何をかくそう、私は平和主義者だ。争いは避けるし、争っているさまを見るのも嫌だ。

平和な世で、陽だまりの中、音楽を聴きながらゆっくり読書や編み物をしたり、さわやかな風のそよぐ水辺や木立の中、家族や友人とピクニックを楽しんだり、今はまだいないけど孫たちと遊んでやったり読み書き算術を教えてやったり、ぜいたくはしなくてもそんなささやかな幸せに浸りながら余生を過ごしたいと思う。

しかし、ほとんどの人がそういう幸せを望んでいるだろうに、分け合えばこういうことは可能になるだろうに、世界はそうなろうとしない。

右翼や左翼やタカ派やハト派、自由競争や平等主義、人は、世の中はこうあるべき、とそれぞれ主張はするのだが、私は実のところ、人間がいったい何を望んでいるのかわからない。いや、「人間が」というより、「平和、反戦、よって反米、を叫ぶ人たちが」と言ったほうがいいだろう。

私は以前から、アメリカの言うことをきけば世界は平和になるんじゃないか、と言ってきた。→「アメリカってそんなに悪い?」など。

アメリカは誰が何と言おうが世界で一番強い。世界の警察を買ってでて、押し付けであろうと何であろうと、民主主義というものを世界中に広めようとしている。

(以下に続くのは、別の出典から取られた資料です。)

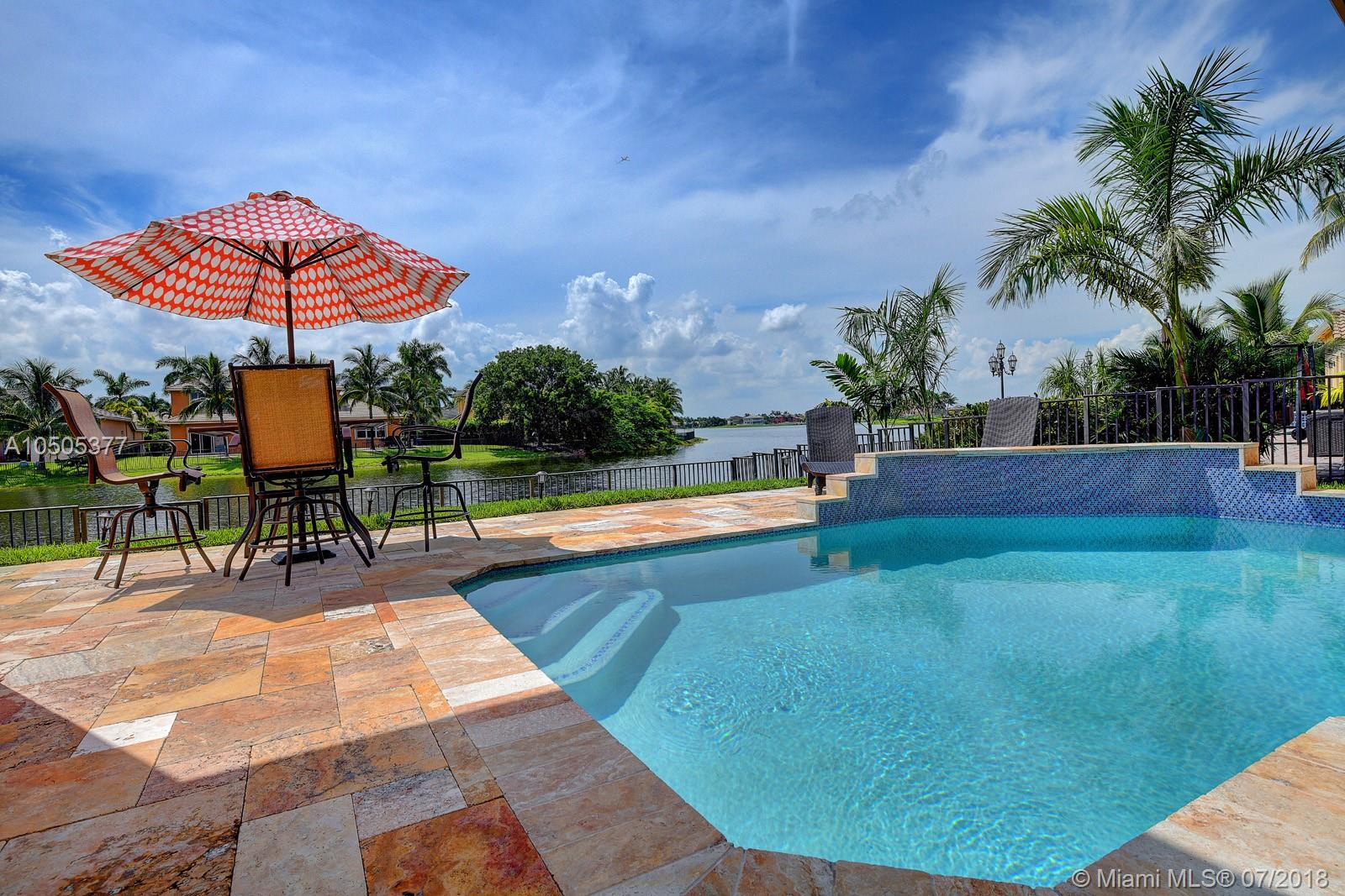 STUNNING premium lakefront pool home in beautiful Vizcaya @ Sunset Lakes. True 4/3 + office. This spacious home features a fantastic floor plan offering many updates such as a custom kitchen, professionally updated office/closet built-ins, gorgeous travertine pool deck, re-marcited pool, high-end chandeliers, video surveillance security system, etched double glass door entry and more. For a detailed list of updates see MLS attachment. Low HOA fee includes beautiful resort style complex featuring a clubhouse, pool, tennis, basketball, fitness center, gated security entry and more. Great access to I-75, shopping, dinning, etc. Corporate relocation...priced to sell. CHECK OUT THE VIRTUAL TOUR! AGENTS...PLEASE READ BROKER REMARKS for showing instructions & offer requirements. Thank you

そのアメリカの強引な振る舞いを快く思わない人たちはアメリカの批判をする。でも、果たしてアメリカの批判をすることが平和につながることなのか、私は疑問に思う。

世界中がアメリカの味方をし、アメリカの言う「世界の秩序を乱す悪い国」包囲網を作れば、世界は手っ取り早く平和になると思うのだがどうだろうか。

何と言ってもアメリカは強い。その強いアメリカに抵抗し続ければ当然戦闘は長引く。平和は遠のく。
日本はアメリカと同盟関係を結び、軍隊を持たずとも安心して経済発展に力を注ぐことができた。そして日本は豊かになった。

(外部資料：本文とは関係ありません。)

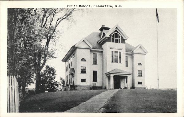 Front: Public School, Greenville, N.H. !!!! *** Back: FAIRBANKS CARD COMPANY 14 HIGH STREET, BROOKLINE. MASS. کی MADE IN U.S.A.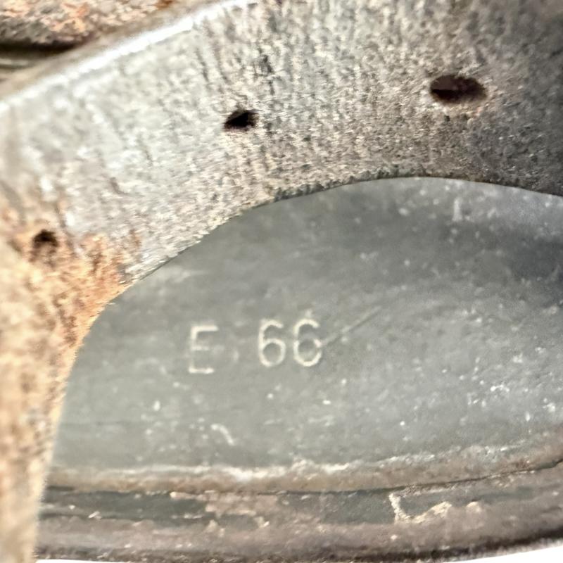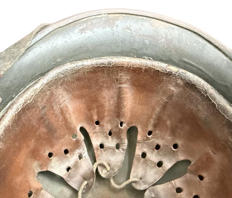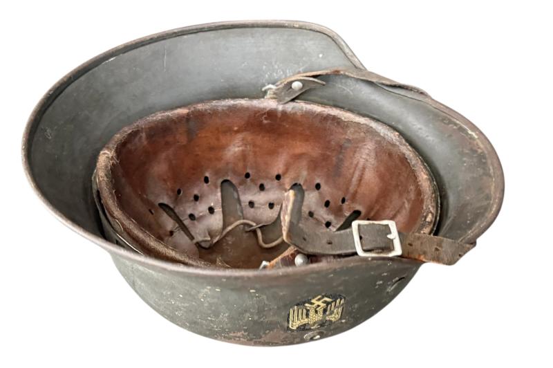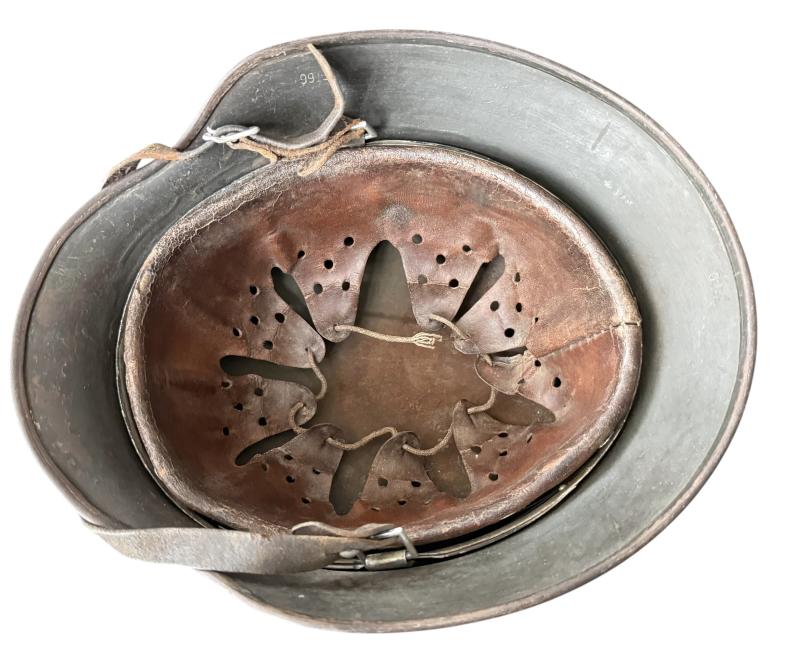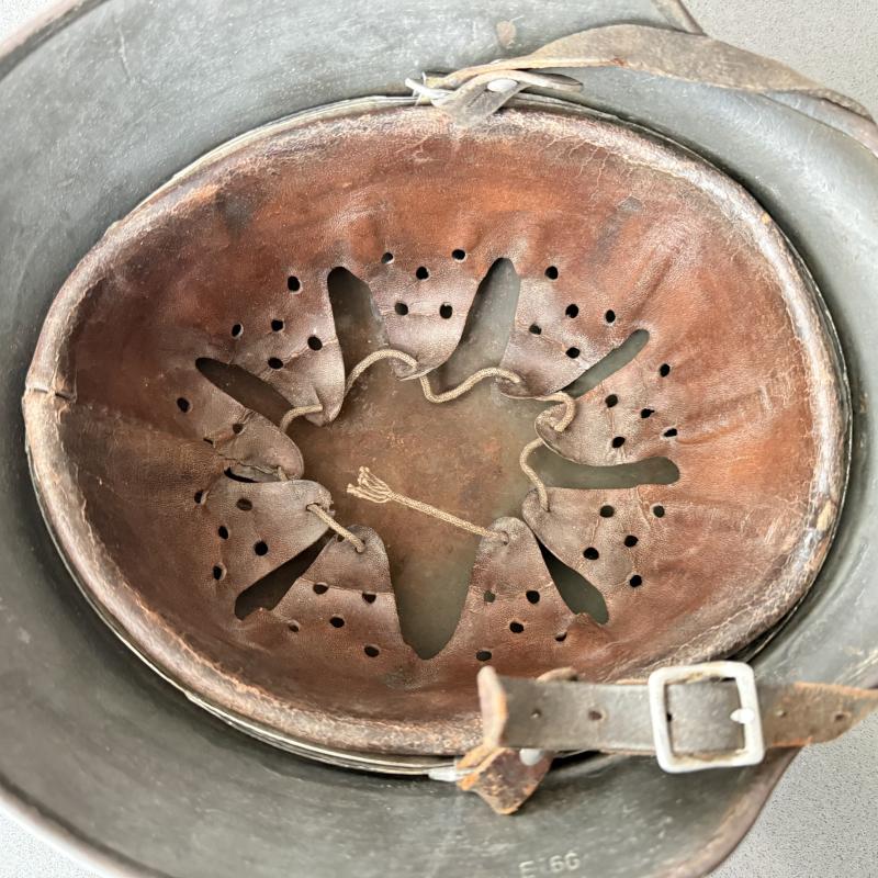 The helmet is market ET66 which indicates production by the company of Eisenhuttenwerk AG, Thale Harz and size 66. The helmet is marked with serial number 3960 in the neckguard. The original leather liner is present and equal nice used condition with all seven extended fingers being present. The helmet is fitted with original brown leather chinstrap makers marked Carltesch Berlin and 1937 dated. An nice used WH (HEER) M35 Single Decal Combat Helmet that can be upgraded.

アメリカと仲良くしておくとこんなに平和で豊かになれるんだ、と中東の不安定な国々に教えてあげたい。あなたたちが本当はアメリカ文化が大好きなんだということも聞いている。意地を張らないで民主主義を受け入れたらどうなの。
とりあえずの平和でもいいじゃないの。とりあえず戦闘が収まるだけでもいいじゃないの。血が流れるのを止められるんだよ。

私は、だから、反米を叫ぶ人たちが、ほんとうに平和を願っているのだろうか、ほんとうに戦闘地域の子供たちを哀れんでいるのだろうかと、むしろ訝しく思う。
反戦デモに参加しながら、それが終われば友人とお茶を楽しみ、趣味を楽しみ、旅行を楽しみ、そういう安寧な日常生活を送っている平和主義者たち。こういうささやかな平和的日常を一日も早くあの悲惨な境遇の人たちに味わってもらいたいと私は思う。

お願いだから、アメリカの言うことをきいて、と思う。
反戦反米を叫ぶ人たちは、ほんとうに戦争が嫌なのではなくて、ただ、大きくて強いものに逆らいたいだけなんじゃないかとさえ思ってしまうのだ。

しかしながら、誰もが思うだろう。
「独立国としての誇り」はどうなるのだ、と。アメリカの言いなりになっている自国に「愛国」の心など芽生えるだろうか、と。

その点については悩んで当然だと思う。
しかし、ここはひとつ、日本ならではの「曖昧さ」を含んだしたたかな生き方を日本人全体の共通認識として持つことはできないだろうか。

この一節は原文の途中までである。